▶ [WHAT YOU SHOULD DO]: Your job is to print, exactly, the lines in the data below from the line with "8月24日,延安宝塔山下,来自武汉一所高校的师生穿上红军的衣服,前来参观。" through the line with "También se recomienda", both included, and to omit any picture.

▶ [Data excerpts]:
■ ■ ■ ■

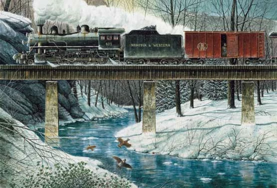 This puzzles features a Norfolk and Western train crossing over the New River.
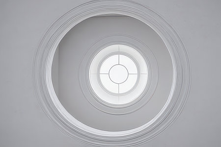 Explore the serenity of an intricately designed ceiling featuring ornate details and natural light from an octagonal skylight, creating a tranquil interior atmosphere.
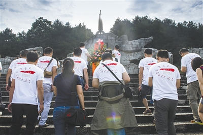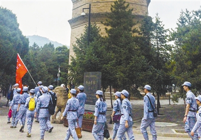 8月24日,延安宝塔山下,来自武汉一所高校的师生穿上红军的衣服,前来参观。
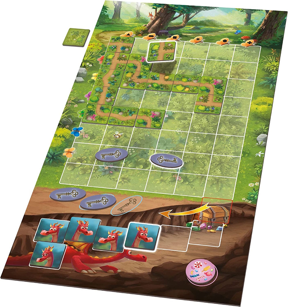En posant chacun leur tour une tuile sur le plateau, les joueurs doivent faire équipe pour se frayer un chemin au milieu de la forêt et récolter les trois clés qui permettent d’ouvrir le coffre. Mais il ne faut pas trop tarder car le dragon est sur le chemin du retour et il risque fort de surprendre les lutins… et de garder son précieux butin !
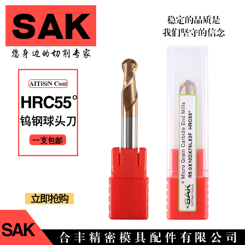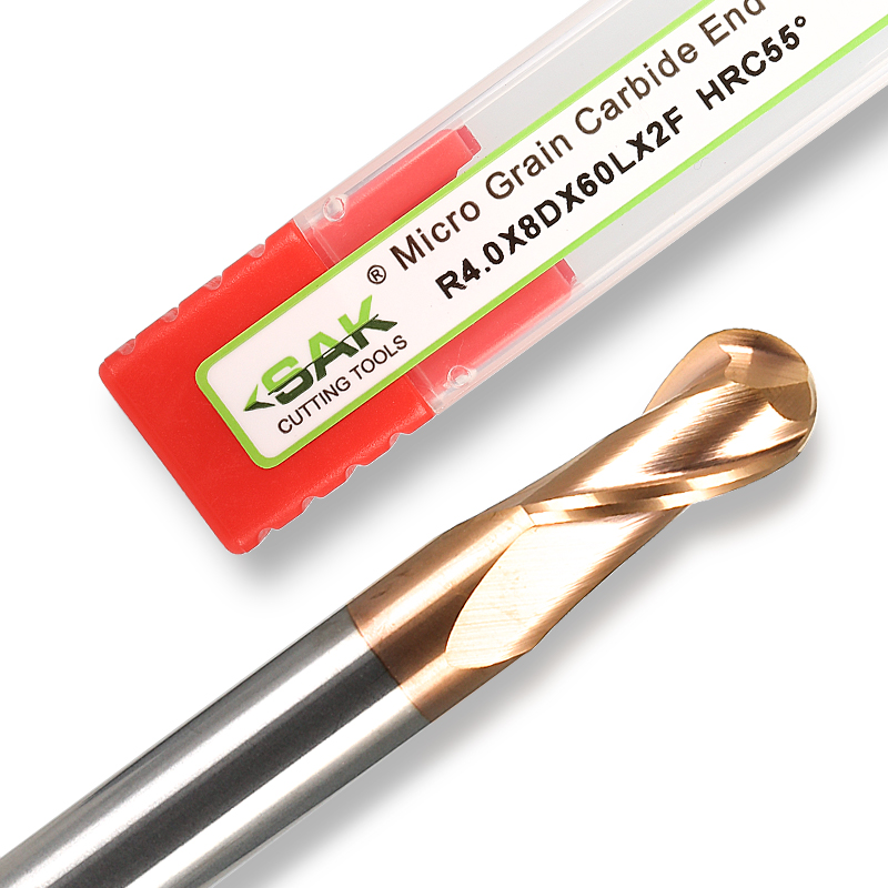 SAK tungsten steel ball head milling cutter HRC55 degree milling cutter CNC 1-20mm tungsten steel ball cutter Cemented carbide extended coating
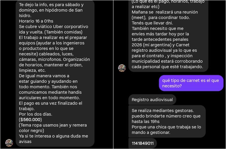 También se recomienda verificar siempre la información en sitios web oficiales de las compañías, desconfiar de publicaciones en redes sociales que prometen accesos a los shows, evitar compartir datos personales o documentos con desconocidos y revisar el perfil de quien ofrece el supuesto trabajo (muchas cuentas utilizadas para estafas son recientes o tienen poca actividad).
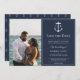 Este Anúncio de Save the Date de Foto Monograma Náutico vem com um design de texto simples, uma âncora náutica simples para os monogramas dos noivos em uma caixa moderna delineada esperando pela sua foto e detalhes do casamento para personalizar. Cores adicionais disponíveis com este design. Perfeito para casais que estão tendo um casamento à beira-mar.
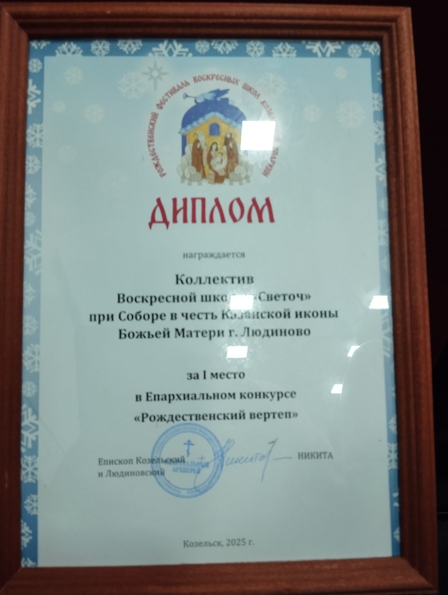 Во второй части торжества был блок награждения, где среди многих дипломантов, участникам ВШ «Светоч» был вручён диплом за первое место в номинации «Коллективный Рождественский вертеп» и подарок. И хотя диплом вручён воскресной школе, но победа принадлежит всему приходу Казанского собора, кто участвовал в устроении Рождественского вертепа в ограде Казанского собора города Людиново: братчики Прихода, сотрудники церковного музея, педагоги и воспитанники ВШ.
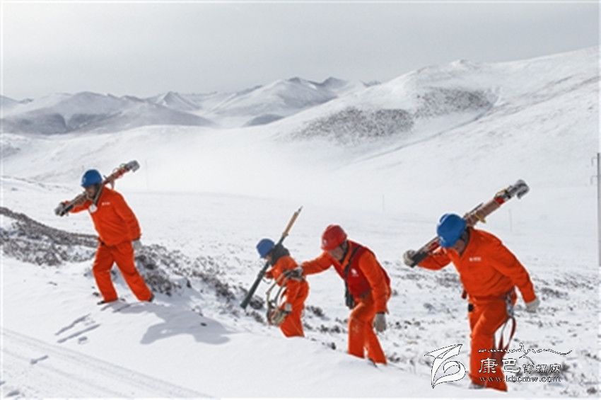石渠電力員工行走在海拔4200米的風(fēng)雪巡線路上。

■ ■ ■ ■

▶ [EXERCISE RESPONSE]:
 8月24日,延安宝塔山下,来自武汉一所高校的师生穿上红军的衣服,前来参观。
En posant chacun leur tour une tuile sur le plateau, les joueurs doivent faire équipe pour se frayer un chemin au milieu de la forêt et récolter les trois clés qui permettent d’ouvrir le coffre. Mais il ne faut pas trop tarder car le dragon est sur le chemin du retour et il risque fort de surprendre les lutins… et de garder son précieux butin !
 SAK tungsten steel ball head milling cutter HRC55 degree milling cutter CNC 1-20mm tungsten steel ball cutter Cemented carbide extended coating
 También se recomienda verificar siempre la información en sitios web oficiales de las compañías, desconfiar de publicaciones en redes sociales que prometen accesos a los shows, evitar compartir datos personales o documentos con desconocidos y revisar el perfil de quien ofrece el supuesto trabajo (muchas cuentas utilizadas para estafas son recientes o tienen poca actividad).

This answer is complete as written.